Приходящийся на момент фабульного разрыва психологический экскурс в предысторию души героя, поставленного перед необходимостью действия в простой и безмерно сложной жизненной ситуации, — этот экскурс у Пушкина лирически лаконичен, но поэтически объемен. Объемен настолько, что его не смогли бы заместить никакие, самые просторные, эпические описания. Лирика и стиховое слово Пушкина, несущее в себе «бездну пространства», здесь превосходно работают на романную фабулу.



И, наконец, возвращаясь к нашей теме, мы вправе сказать, что вся ситуация свидания развертывается в зоне диалогического контакта с читателем. Вклинившись в течение фабулы со словом, обращенным к читателю, в предвидении психологически необычного разворота сюжета, автор замыкает этот разворот той самой иронической беседой с читателем, о которой уже говорилось («Вы согласитесь, мой читатель»). Так диалог с читателем углубляет в романе художественное видение события и психологической сущности персонажей.

Сноски

Сноски к стр. 100

1 Сюжет «Евгения Онегина» по природе своей эпико-лирический. Вот почему в него входит, на наш взгляд, не только событийная ткань изображения, но и авторская сфера романа, все, что именуют порой «лирическими отступлениями». Под фабулой же в данном случае мы понимаем событийную схему «романа героев».

2 Бахтин М. Вопросы литературы и эстетики. М., 1975, с. 451.

Сноски к стр. 101

3 Вопросы литературы, 1967, № 12, с. 115—136.

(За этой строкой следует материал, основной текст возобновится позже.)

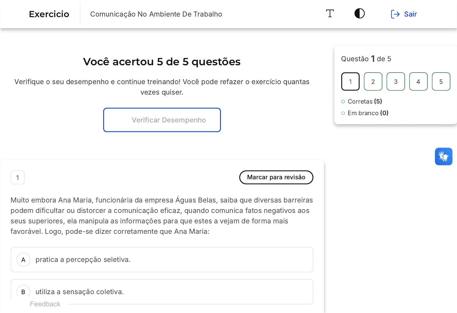 Você acertou 5 de 5 questões Verifique o seu desempenho e continue treinando! Você pode refazer o exercício quantas vezes quiser. Verificar Desempenho A B 1 Marcar para revisão Muito embora Ana Maria, funcionária da empresa Águas Belas, saiba que diversas barreiras podem dificultar ou distorcer a comunicação eficaz, quando comunica fatos negativos aos seus superiores, ela manipula as informações para que estes a vejam de forma mais favorável. Logo, pode-se dizer corretamente que Ana Maria: pratica a percepção seletiva. utiliza a sensação coletiva. Questão 1 de 5 Corretas �5� Em branco �0� 1 2 3 4 5 Exercicio Comunicação No Ambiente De Trabalho Sair Feedback C D E filtra o conteúdo da mensagem. escolhe os canais mais ricos para divulgar as informações. mantém a natureza da informação. Resposta correta Parabéns, você selecionou a alternativa correta. Confira o gabarito comentado! Gabarito Comentado Ana Maria "filtra o conteúdo da mensagem". A filtragem ocorre quando o emissor manipula a informação para que a mensagem chegue de forma mais favorável a quem a ouve, omitindo ou distorcendo partes da comunicação. Se alguém tem medo de dar notícias ruins ou quer agradar a todos, a tendência é filtrar seu conteúdo, comunicando sua parte favorável. 2 Marcar para revisão De acordo com Robbins �2010�� Rumores e fofocas são elementos bastante comuns nas organizações. Em épocas de crise, então, essas práticas tornam-se ainda mais utilizadas pelos apreensivos funcionários. O A B C D E medo das demissões, das reestruturações [...] leva-os a ficar extremamente preocupados e estressados [...]. Em decorrência desse clima de angústia, os rumores são criados e se espalham a uma velocidade impressionante. As redes de rumores: Embora façam parte da organização formal, não são consideradas como importante fonte de informação. São parte integrante de qualquer organização, logo, é importante manter os canais de comunicação abertos, explicando-se as decisões importantes pelos canais formais para que se reduza a ansiedade entre os empregados. Não são controladas pelos gestores, pois fazem parte do modelo de organização formal. Dessa forma, é importante retaliar o grupo que a mantém imediatamente. Mesmo que consideradas parte integrante da organização informal, não são amplamente utilizadas para servir aos interesses pessoais daqueles que a integram. São controladas pelos gestores porque integram o canal de comunicação formal de uma organização Resposta correta Parabéns, você selecionou a alternativa correta. Confira o gabarito comentado! Gabarito Comentado Segundo Robbins �2005�, a rede de rumores possui três características principais: 1� Não é controlada pela direção da empresa. 2� É percebida pela maioria dos funcionários como mais confiável e fidedigna do que os comunicados formais. 3� É amplamente utilizada para servir aos interesses pessoais dos que nela interagem. Portanto: A alternativa "Embora façam parte da organização formal, não são consideradas como importante fonte de informação" está incorreta, pois a rede de rumores é, de acordo com Robbins, uma fonte de informação relevante. A alternativa "Não são controladas pelos gestores, pois fazem parte do modelo de organização formal. Dessa forma, é importante retaliar o grupo que a mantém imediatamente" está incorreta, pois a rede de rumores, segundo Robbins, não deve ser retaliada. A alternativa "Mesmo que consideradas parte integrante da organização informal, não são amplamente utilizadas para servir aos interesses pessoais daqueles que a integram" está incorreta, pois a rede de rumores, segundo Robbins, é amplamente utilizada para servir aos interessos pessoais dos que nela interagem. A alternativa "São controladas pelos gestores porque integram o canal de comunicação formal de uma organização" está incorreta, pois a rede de rumores, segundo Robbins, não é controlada pelos gestores. Logo, a alternativa "São parte integrante de qualquer organização, logo, é importante manter os canais de comunicação abertos, explicando-se as decisões importantes pelos canais formais para que se reduza a ansiedade entre os empregados" é a A B C D E correta. Esta afirmação destaca a importância da comunicação clara e aberta para minimizar a ansiedade dos funcionários e, consequentemente, a disseminação de rumores. 3 Marcar para revisão Quando se comunica com as pessoas em seu trabalho, Maria seleciona e organiza o que ouve a partir dos seus padrões de referência. Logo, as suas influências sociais e culturais interferem na forma como se comunica, ocasionando uma barreira regularmente conhecida neste processo, que é a: Percepção seletiva Retroação. Mensagem. Comunicação descendente Comunicação ascendente. Resposta correta Parabéns, você selecionou a alternativa correta. Confira o gabarito comentado! Gabarito Comentado A alternativa correta é a Percepção Seletiva. Este termo se refere à tendência dos receptores de prestar mais atenção nas comunicações que consideram importantes, enquanto aquilo que classificam como desnecessário é ignorado ou "apagado" da memória. Este fenômeno também é conhecido como audição seletiva ou percepção seletiva, pois as pessoas tendem a ouvir apenas o que desejam ou consideram relevante. As influências sociais e culturais de um indivíduo desempenham um papel crucial na determinação do que é considerado importante para ele, influenciando assim a sua percepção seletiva. 4 Marcar para revisão São consideradas diretrizes para um feedback construtivo: I� Reformule a mensagem com suas próprias palavras para que a pessoa perceba que você ouviu e compreendeu o que foi dito; II� Relate a situação usando exemplos genéricos, culpando o outro pelo erro cometido; III� Não fale em seu próprio nome, só reproduza as críticas de outros. A B C D

4 Бочаров С. Г. Поэтика Пушкина. Очерки. М., 1974, с. 98.

Сноски к стр. 102

5 О пушкинской иронии в «Евгении Онегине» см.: Гинзбург Л. Я. К постановке проблемы реализма в пушкинской литературе. — В кн.: Пушкин. Временник Пушкинской комиссии, вып. 2. М. — Л., 1936; Лотман Ю. М. Художественная структура «Евгения Онегина». — Учен. зап. Тартуского гос. ун-та, 1966, вып. 184; Бочаров С. Г. Поэтика Пушкина. Очерки. М., 1974.

6 Гегель Г. В. Ф. Эстетика, т. 4. М., 1973, с. 181.

Сноски к стр. 105

7 Что перед нами именно имитация читательского голоса, неопровержимо подтверждается дальнейшим контекстом авторского высказывания (начиная со слов: «Призрака суетный искатель...»), которое строится совсем как ответ на воображаемую реплику.

Сноски к стр. 108

8 Волошинов В. Н. Марксизм и философия языка. Л., 1930, с. 132.